Modified-Bolus Placement Assessment Outcomes

Treatment teams implemented modified-bolus placement assessments with underspoon for 9.3%, but only 4.6% met inclusion, of patients admitted to the IMI feeding program. Three boys and one girl whose ages ranged from 23 to 112 months (M = 53.5, SD = 40.9) met inclusion and all participants were partially or fully dependent on formula orally or via tube to meet their nutritional and energy needs (ARFID A3b) and diagnosed with ASD and/or developmental disability. Modified-bolus placement methods used in the assessments included underspoon and/or flipped spoon compared to an upright spoon presentation. Treatment teams did not evaluate NUK^® brush in the modified-bolus placement assessments. Treatment teams implemented primary modified-bolus placement assessments using a multielement design for two participants (Kai and Ben) and a pairwise design for two participants (Ezra and Mila). Kai, Ben, and Mila underwent two modified-bolus placement assessments before returning to upright spoon and Ezra had three. Kai and Ezra’s (by meal block) secondary modified-bolus placement assessment also included a multielement design. Ben and Mila’s secondary and Ezra’s tertiary assessments used a pairwise design. However, the therapist did not employ the prescribed design for Mila’s secondary assessment.

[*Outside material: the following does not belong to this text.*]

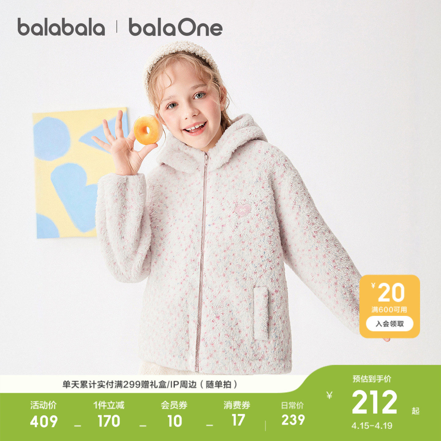 巴拉巴拉童装女童棉服儿童中大童外套新款棉袄衣服秋冬保暖甜百搭

Prior to the modified-bolus placement assessment, Kai’s treatment involved NRS, NCA to therapist attention and tangibles, and preventing wiping of food from the mouth (i.e., the feeder hovered their hands above the child’s hands to prevent contact between the child’s hands or arms and mouth/food in the mouth, presenting first a rice-size and then 0.25 cc of 16 total pureed foods on a large Maroon Spoon™. The treatment team implemented the modified-bolus placement assessment to treat expels that were high across foods when presented using upright spoon. Prior to the assessment, Kai also did not close his lips around the spoon to remove the bolus as the feeder retracted the spoon from his mouth.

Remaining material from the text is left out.